Cheekbone reduction by shaving is very different and is not an interchangeable procedure with cheekbone reduction by osteotomies. Such shaving reduction is done intraorally and is limited to the anterolateral body of the zygomatic major bone and mainly affects its anterior projection and some anterior cheek width. (the zygomatic arch can not be shaved down due too lack of access as well as being a very thin bone) Its effectiveness is restricted to the following clinical situations; 1) the excessive cheek size/width is anterior and can be accessed by an intraoral incision, 2) the zygomatic arches are flat and lack convexity, and 3) the patient is opposed to the use of metal hardware for bone fixation.

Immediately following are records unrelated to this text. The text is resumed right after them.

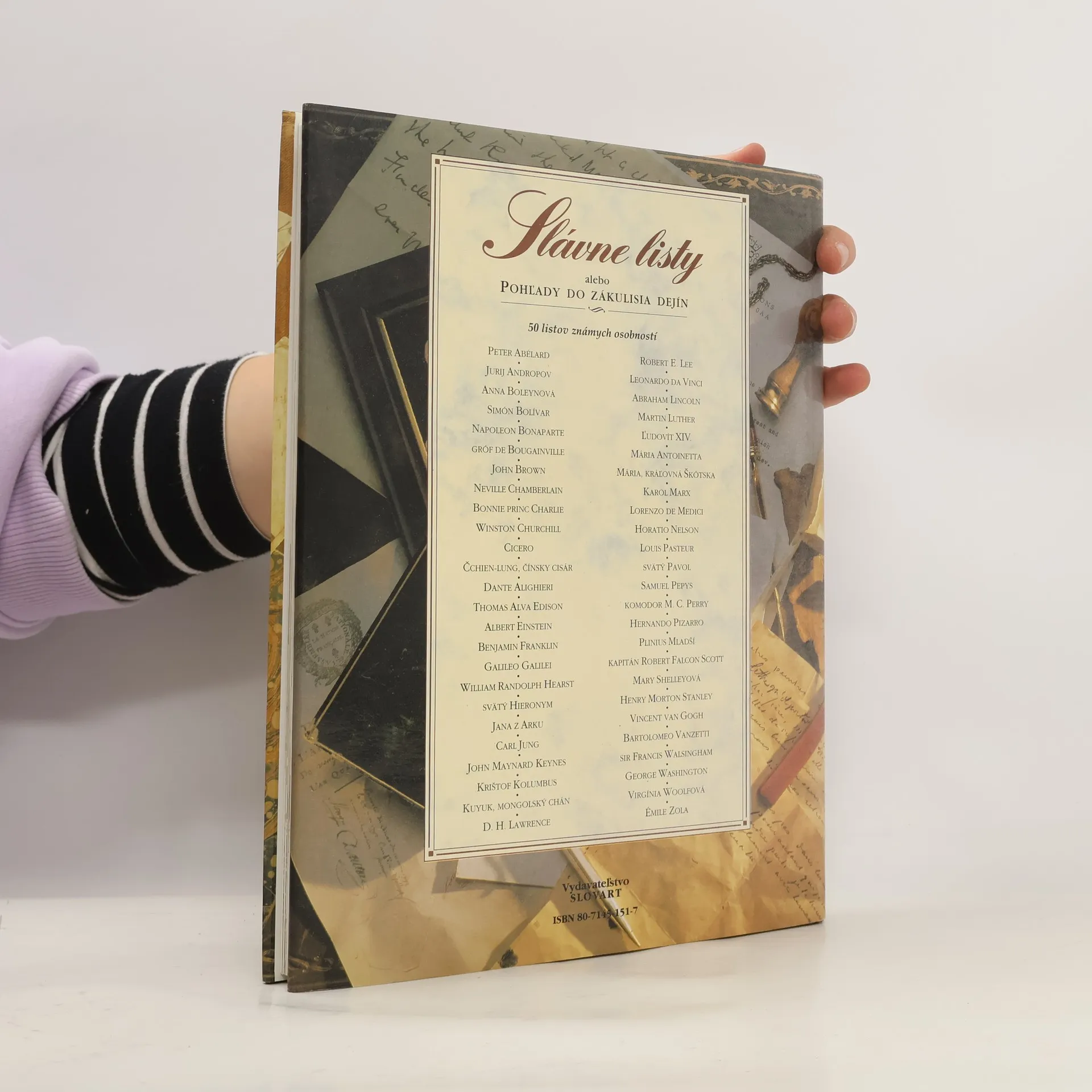 Pohľady do zákulisia dejín-50 listov známych osobností. Obsahuje stretnutia a objavy, ako napríklad Svätého Hieronyma so Eustochiom, mongolského chána Kuyuka s pápežom Inocentom IV., Krištofa Kolumba s Luisom de Santangelom, Hernanda Pizarra s členmi Kráľovskej rady v Santo Domingu, Galilea Galileiho s Belisariom Vintaom, a ďalších významných osobností ako Benjamin Franklin, Louis Pasteur či Albert Einstein. V sekcii autoportréty a obhajoby sú zastúpení Dante, Leonardo da Vinci, Martin Luther, Anna Boleynová, George Washington, Thomas Alva Edison a ďalší, ktorí sa obracajú na blízkych a autority. Politika a výzvy sú reprezentované listami Svätého Pavla, Plinia mladšieho, Jany z Arcu, Ľudovíta XIV., Napoleona Bonaparteho, Karola Marxa a Winstona Churchilla, ktorí sa vyjadrujú k dôležitým historickým momentom. Témy lásky, smrti a priateľstva sú prítomné v listoch Cicera, Abélarda, Márii, kráľovnej škótskej, Horatia Nelsona, Mary Shelleyovej, Abrahama Lincolna a Vincenta Van Gogha, pričom každý z nich ponúka unikátne pohľady na osobné a emocionálne aspekty svojich životov.
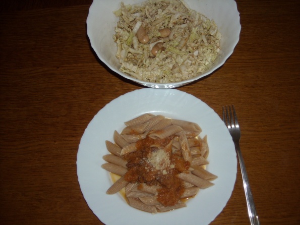 danes : našpikana svinjska ribica ( sardelc zaradi burje ni ), domače testenine neznanih oblik, dušeno zelje,
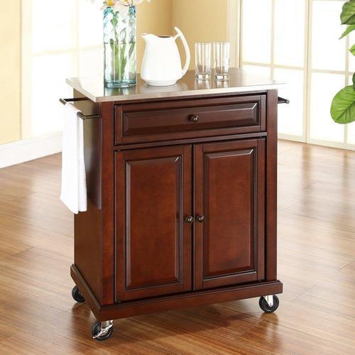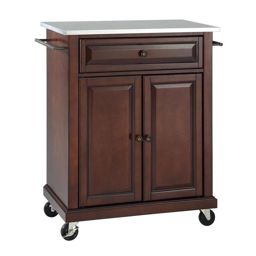 The beautiful raised panel doors and drawer front provide the ultimate in style to dress up your kitchen The deep drawer is great for anything from utensils to storage containers Behind the 2 doors, you will find an adjustable shelf and an abundance of storage space Heavy duty locking casters Decorative vintage mahogany finish Stainless steel top 90-day limited warranty
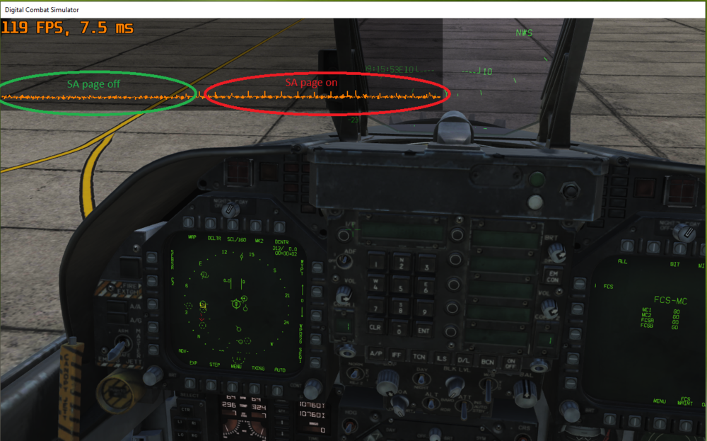 [REPORTED] Microstutter with SA page selected (DL on only)Captain Slow replied to Captain Slow's topic in Bugs and Problems * It seems like the stutters are tied to the rendering of the SA page's targets. If I am in a continous turn the targets are only repositioned on the SA screen sometimes (like 4 Hz), and it seems to match exactly the frequency of the stutters. * Windowed/fullscreen/gsync/vsync settings have no effect on the situation

In doing cheek bone reductions by intraoral shaving (ostectomies) it is important to recognize what can and can not be achieved. The only part of the cheekbone that be shaved is the anterolateral part of the large cheekbone body which is seen intraorally. No part of the zyygomatic arch can be reached. This is really the corner of the zygomatic body where the maxilla and the cheekbone meet. (its most convex part) There are strong tendinous attachments of the masseter muscle at this bottom corner which is why it actually exists. (aka form follows function) In doing these reduction two different shaving methods are used. A reciprocating saw is used to remove the bottom corner over the tendinous attachment, keeping most of it intact. Then high speed burring can be done to make the anterolateral convexity flatter. It is easy to see by the diagram how this is radically different than cheekbone osteotomies. The difference in their spelling (ostectomies vs osteotomies) is minor but the aesthetic differences between the two procedures is major.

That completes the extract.